READERS = LEADERS

Why intentional reading remains one of the most practical leadership disciplines

I’ve long believed that one of the clearest signals of leadership is continuous learning.

Not performative learning. Not collecting certifications.
But the steady, intentional habit of reading in a way that shapes how we think, decide, lead, and live.

The leaders I most respect are readers. They’re curious. They’re open. They’re willing to sharpen the blade long after others assume they’ve “arrived.”

This year’s reading list covered a lot of ground — strategy, ownership, mindset, hiring, trust, performance. Some books were insightful. Some were timely. A few were helpful.

But three stood out for a different reason.

I kept reaching for them.

Not once. Not to highlight a few lines.
But again and again — before important meetings, during strategic work, and when refining Eskaygee’s positioning.

Here are the three that earned a permanent spot on my desk.

1. Find Your Red Thread by Tamsen Webster

This book came to me through my Pinnacle peer, David Quick — and it helped crystallize something foundational for Eskaygee.

Positioning isn’t a tagline exercise. It’s clarity of logic. It’s understanding the throughline that connects what you believe, what you do, and why it matters.

Through this work, Eskaygee’s Red Thread became unmistakable:

Clarity. Alignment. Execution. Guidance.

Those four words now anchor how we communicate, how we engage clients, and how we design strategy. They’re not marketing language. They’re operating principles.

When leaders struggle to articulate what makes their firm distinct, it’s rarely a capability issue. It’s a clarity issue. This book helped sharpen that clarity.
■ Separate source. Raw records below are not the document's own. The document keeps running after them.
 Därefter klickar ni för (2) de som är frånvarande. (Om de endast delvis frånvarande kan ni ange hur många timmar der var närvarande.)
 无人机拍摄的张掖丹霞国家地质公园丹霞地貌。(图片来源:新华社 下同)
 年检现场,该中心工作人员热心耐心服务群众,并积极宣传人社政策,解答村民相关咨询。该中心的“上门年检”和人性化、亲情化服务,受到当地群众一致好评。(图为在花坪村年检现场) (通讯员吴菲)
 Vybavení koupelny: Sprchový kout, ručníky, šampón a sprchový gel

2. The Trusted Advisor by Maister, Green & Galford

Recommended to me by Al Spicer, Psy.D., PCC, this one has become required reading — and re-reading.

Before prospect meetings.
Before important client conversations.
Before connecting with centers of influence.

Trust is not built through competence alone. It’s built through credibility, reliability, intimacy, and low self-orientation. The book’s Trust Equation is deceptively simple — and deeply practical.
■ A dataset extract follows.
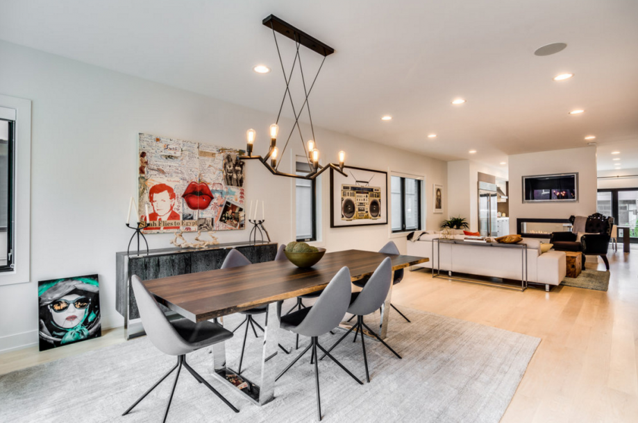 这栋房屋有白色的橡木地板和家庭自动化系统。房子前段的餐厅连通客厅。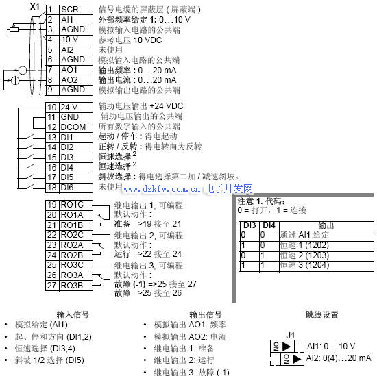 ①在變頻器通電之前,檢查確認功率電纜、控制端子的接線正確無誤。下圖的是ABB標準宏的端子接線與定義圖。

In founder-led and employee-owned businesses, trust is the currency. When it’s high, progress accelerates. When it’s low, everything stalls.
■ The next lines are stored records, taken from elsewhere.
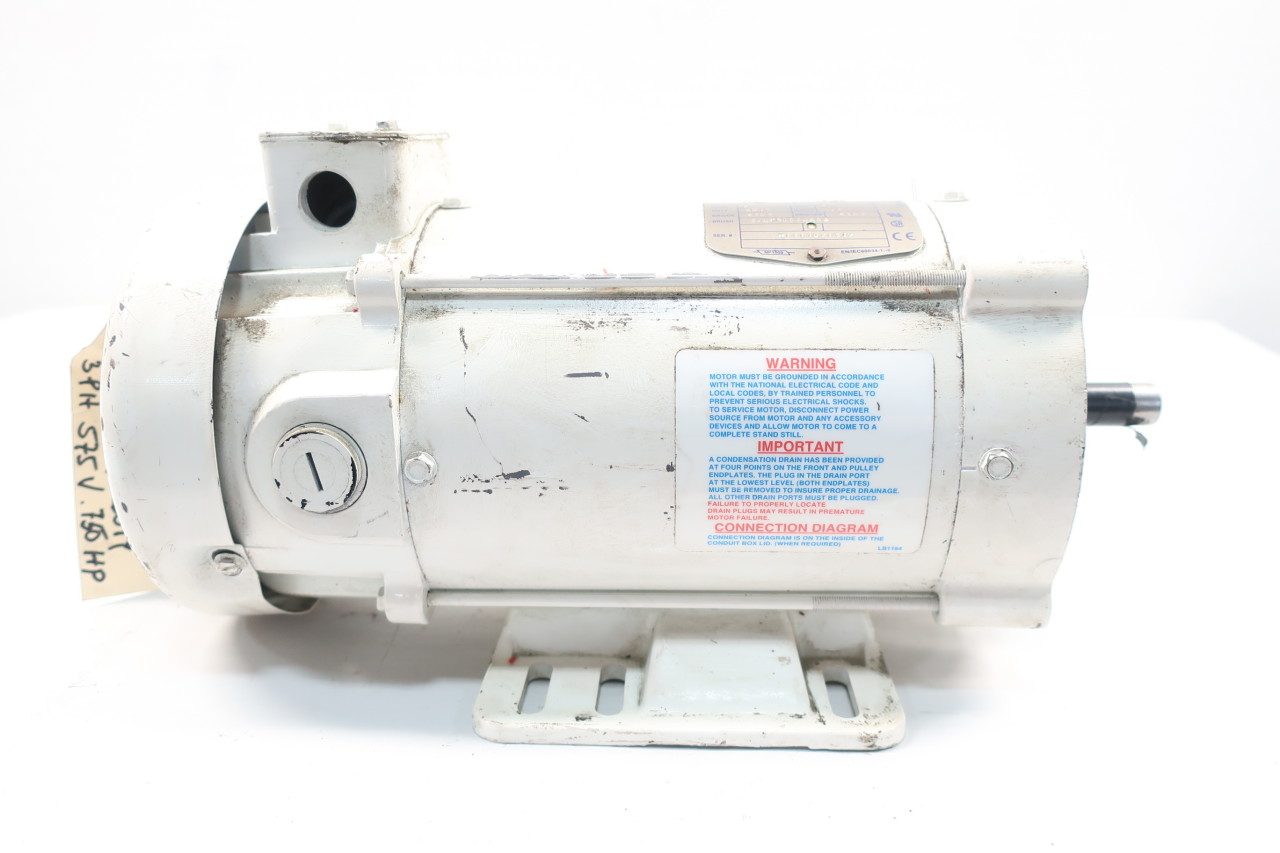<p><ul><li>NEMA C-face with removable base</li><li>Tach adaptable</li><li>Class F insulation</li><li>Double sealed ball bearings</li><li>20:1 constant torque speed range</li><li>UL and CSA recognized</li><li>No dual mounting base holes on 1/4 - 1/2 hp</li><li>Applications: Conveyors, Mixers, packaging machinery and other applications requiring variable speed and constant torque Washdown Duty</li><li>Moisture sealant on bolt heads between frame and endplates, neoprene gasketed conduit box</li><li>Double sealed ball bearings</li><li>Forsheda running contact v-ring slinger</li><li>Stainless steel shaft</li><li>Electrostatic epoxy paint coating</li><li>Class F insulation</li><li>20:1 constant torque speed range</li><li>Tach adaptable</li><li>Applications: Food processing conveyors and feeders exposed to high pressure wash down</li><li>1/4 to 1/2 hp motors are TENV, all others are TEFC</li></ul></p> ,<p><b>Specifications: </b><ul><li>Motor Family:-Permanent Magnet </li><li> Motor Type:-Brushed </li><li> Horsepower:-3/4 hp </li><li> DC Armature Voltage:-90 V </li><li> Base RPM:-1750 rpm </li><li> Enclosure Type:-TEFC (Totally Enclosed Fan Cooled) </li><li> NEMA / IEC Frame Size:-56C </li><li> Armature Full Load Current:-7.6 A </li><li> Overall Length (C-Dimension):-14.59 in </li><li> Insulation Class:-F </li><li> Standards Met:-NEMA </li><li> Drive End Bearing:-6203 </li><li> Weight:-38 lbs </li><li> Opposite Drive End Bearing:-6203 </li><li> Recommended Control:-Bcwd140 </li><li> Typical Application:-Food Processing Conveyors and Feeders Where The Motor is Exposed to High Pressure Wash Down </li><li> Wattage:-559.5 W </li></ul></p>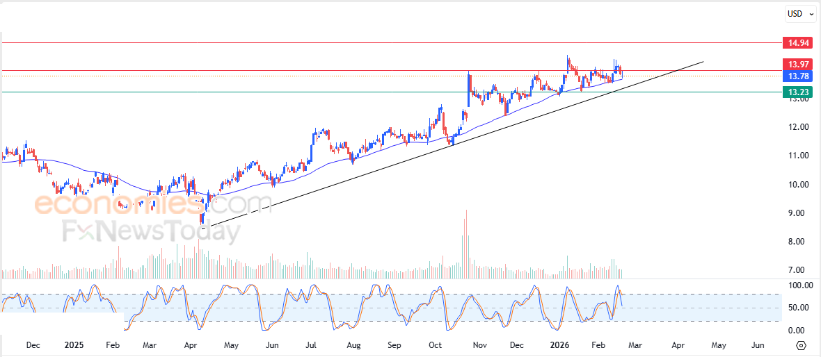 따라서 향후 거래 세션 동안 주가가 상승할 것으로 예상하며, 특히 14달러 저항선을 돌파할 경우 다음 저항선인 15달러까지 상승할 가능성이 높습니다.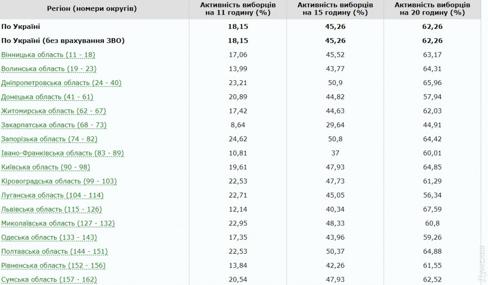 Самый высокий показатель активности избирателей зафиксирован во Львовской области, где проголосовали 68,91% избирателей и в Киеве -68,05%, а самый низкий — в Закарпатье — 47%.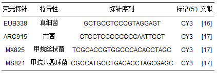 本研究采用4種寡核苷酸熒光探針對厭氧顆粒污泥中特定的微生物種群進(jìn)行定量分析, 探針信息見表 1.樣品的預(yù)處理則參考了文獻(xiàn)[14, 15]的方法.

This book is a reminder that our job isn’t to impress. It’s to guide — from the side — with clarity and care.

3. Topgrading by Bradford Smart

This one helped crystallize something I see repeatedly in leadership conversations: confusion about what an A-Player truly is.

Many leaders believe they have A-players.

Often, they’re surrounded by B and C players — and don’t know it.

The cost of that false confidence is staggering:

  • Strategy stalls.

  • Execution drifts.

  • Accountability softens.

  • Culture erodes.

Topgrading provides language and structure around hiring, coaching, and developing high performers. More importantly, it forces leaders to confront a hard truth:

You cannot build a high-performing organization without high-performing people.

Clarity around talent is not optional. It’s foundational.

Reading as a Leadership Discipline

If you’re interested in the broader case for reading as a leadership practice, I highly recommend John Coleman’s article, “For Those Who Want to Lead, Read.” It’s been a personal touchstone — a reminder that leadership depth is built over time, often quietly, through consistent exposure to ideas beyond your immediate field.

Reading stretches thinking.
Thinking sharpens decisions.
Decisions shape results.

That’s the compounding effect.

My 2025 Reading List

For those who’ve asked, here’s the full list from this year:

  • The Microstress Effect — Rob Cross & Karen Dillon

  • The SPEED of Trust — Stephen Covey

  • Walking to Destiny (2nd Ed.) — Christopher M. Snider & Scott Snider

  • Making Sense of Your New ESOP — Serwinski & McGinley

  • Peak Performance: The Five Principles Every Great Business Lives By — Greg Cleary

  • The 5 Levels of Leadership — John C. Maxwell

  • Topgrading (Revised PHP Edition) — Bradford Smart

  • Hustle — Joshua Medcalf

  • Inner Excellence — Jim Murphy

  • The Trusted Advisor (20th Anniversary Edition) — David H. Maister, Robert Galford & Charles Green

  • Love and Work — Marcus Buckingham

  • Taming Your Gremlin — Rick Carson

  • Don’t Lose Your Balance — Ron Bockstahler

  • High Altitude Leadership — Chris Warner

  • Find Your Red Thread — Tamsen Webster

  • Getting Naked — Patrick Lencioni

(It was a year of revisiting a few favorites — a reminder that depth often comes from re-reading.)

A Final Thought

Reading isn’t about volume. It’s about integration.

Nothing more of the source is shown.